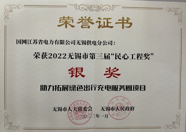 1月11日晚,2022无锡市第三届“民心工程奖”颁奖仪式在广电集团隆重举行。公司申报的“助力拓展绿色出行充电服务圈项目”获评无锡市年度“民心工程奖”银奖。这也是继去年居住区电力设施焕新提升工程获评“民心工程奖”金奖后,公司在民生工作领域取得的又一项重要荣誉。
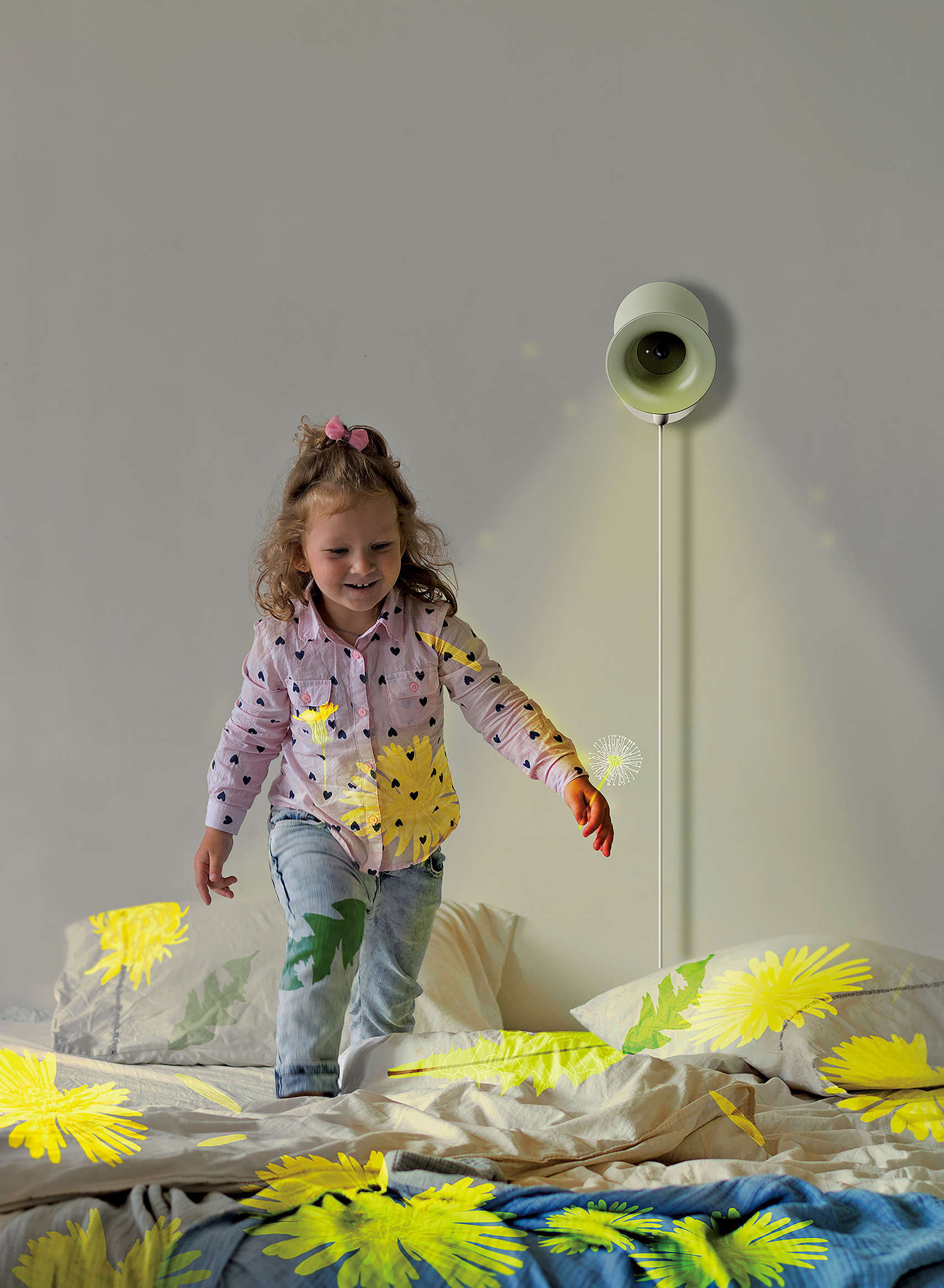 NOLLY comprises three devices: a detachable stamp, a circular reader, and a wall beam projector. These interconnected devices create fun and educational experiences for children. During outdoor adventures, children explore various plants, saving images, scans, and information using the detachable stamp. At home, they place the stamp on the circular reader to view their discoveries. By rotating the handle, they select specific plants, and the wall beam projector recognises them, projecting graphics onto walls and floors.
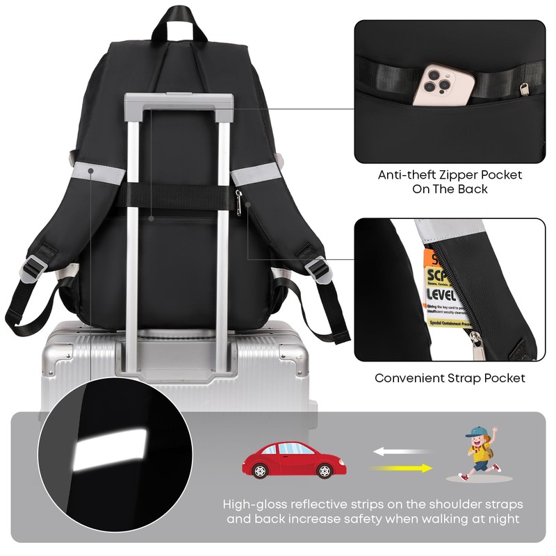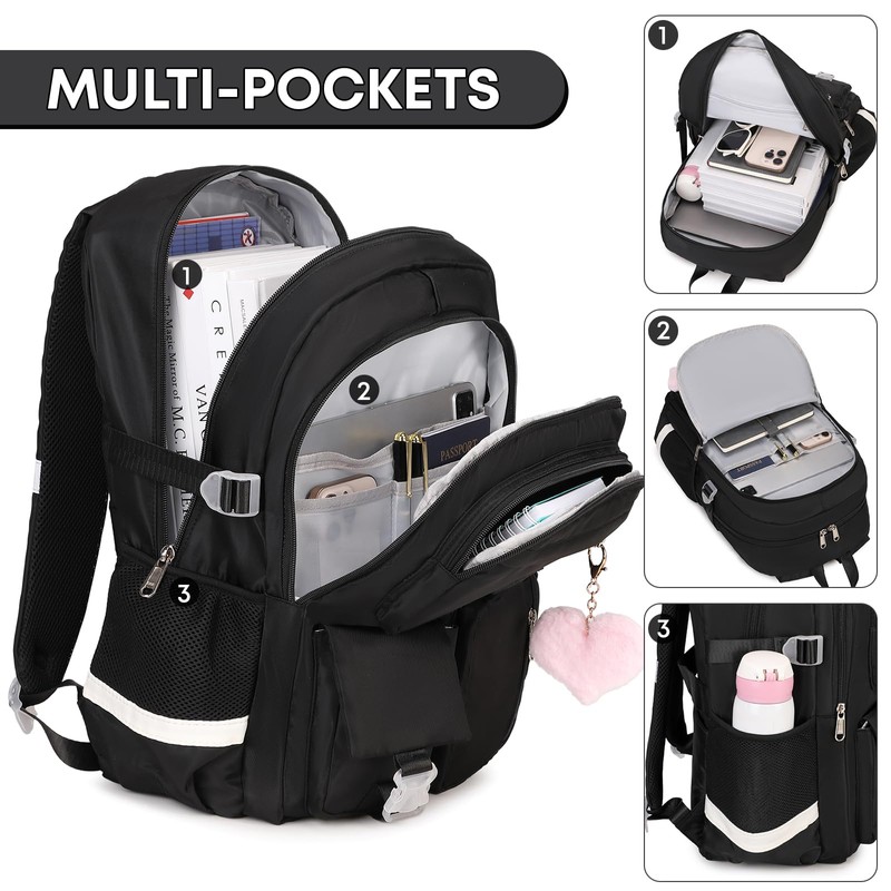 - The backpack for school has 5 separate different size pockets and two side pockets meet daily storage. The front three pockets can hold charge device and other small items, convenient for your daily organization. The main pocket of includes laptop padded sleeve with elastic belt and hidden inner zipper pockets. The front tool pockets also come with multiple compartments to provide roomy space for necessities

● ● ● ● ●

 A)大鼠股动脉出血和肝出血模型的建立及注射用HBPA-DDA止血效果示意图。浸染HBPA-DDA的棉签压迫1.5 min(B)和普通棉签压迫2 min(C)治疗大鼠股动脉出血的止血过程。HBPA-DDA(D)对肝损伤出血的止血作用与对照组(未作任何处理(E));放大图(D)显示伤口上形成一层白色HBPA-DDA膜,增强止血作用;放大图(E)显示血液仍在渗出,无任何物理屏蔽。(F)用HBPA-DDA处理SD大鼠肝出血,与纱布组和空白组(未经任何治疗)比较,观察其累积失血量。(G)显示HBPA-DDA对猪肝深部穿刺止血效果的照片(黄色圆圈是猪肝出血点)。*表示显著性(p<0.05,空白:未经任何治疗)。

● ● ● ● ●

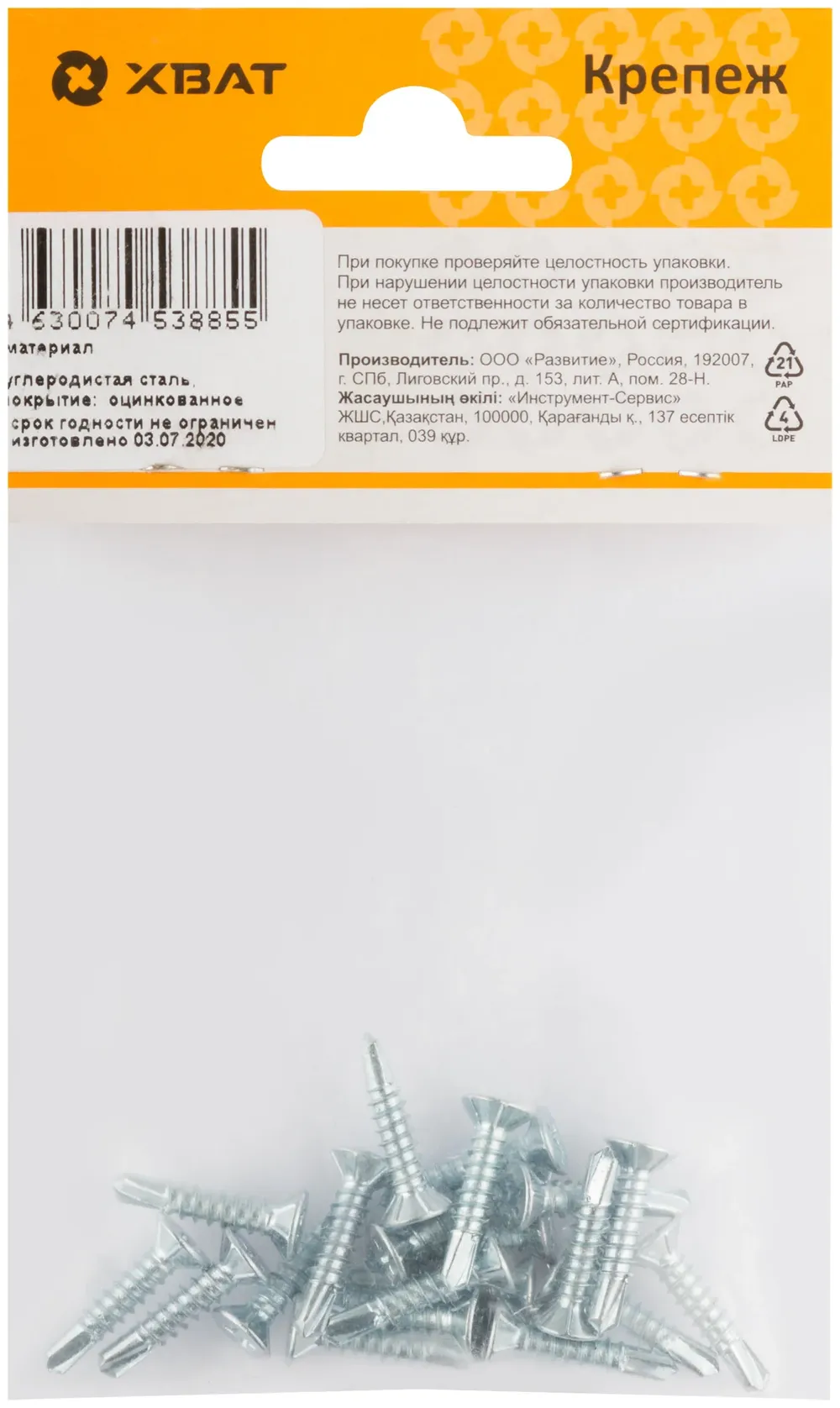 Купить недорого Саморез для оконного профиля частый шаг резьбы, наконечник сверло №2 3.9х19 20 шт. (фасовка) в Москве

● ● ● ● ●

» Work item: Copy out exactly the lines above beginning with the line that contains "1月11日晚,2022无锡市" and finishing with the line that contains "- The backpack", including both; leave the pictures out.

» Task response:
 1月11日晚,2022无锡市第三届“民心工程奖”颁奖仪式在广电集团隆重举行。公司申报的“助力拓展绿色出行充电服务圈项目”获评无锡市年度“民心工程奖”银奖。这也是继去年居住区电力设施焕新提升工程获评“民心工程奖”金奖后,公司在民生工作领域取得的又一项重要荣誉。
 NOLLY comprises three devices: a detachable stamp, a circular reader, and a wall beam projector. These interconnected devices create fun and educational experiences for children. During outdoor adventures, children explore various plants, saving images, scans, and information using the detachable stamp. At home, they place the stamp on the circular reader to view their discoveries. By rotating the handle, they select specific plants, and the wall beam projector recognises them, projecting graphics onto walls and floors.
 - The backpack for school has 5 separate different size pockets and two side pockets meet daily storage. The front three pockets can hold charge device and other small items, convenient for your daily organization. The main pocket of includes laptop padded sleeve with elastic belt and hidden inner zipper pockets. The front tool pockets also come with multiple compartments to provide roomy space for necessities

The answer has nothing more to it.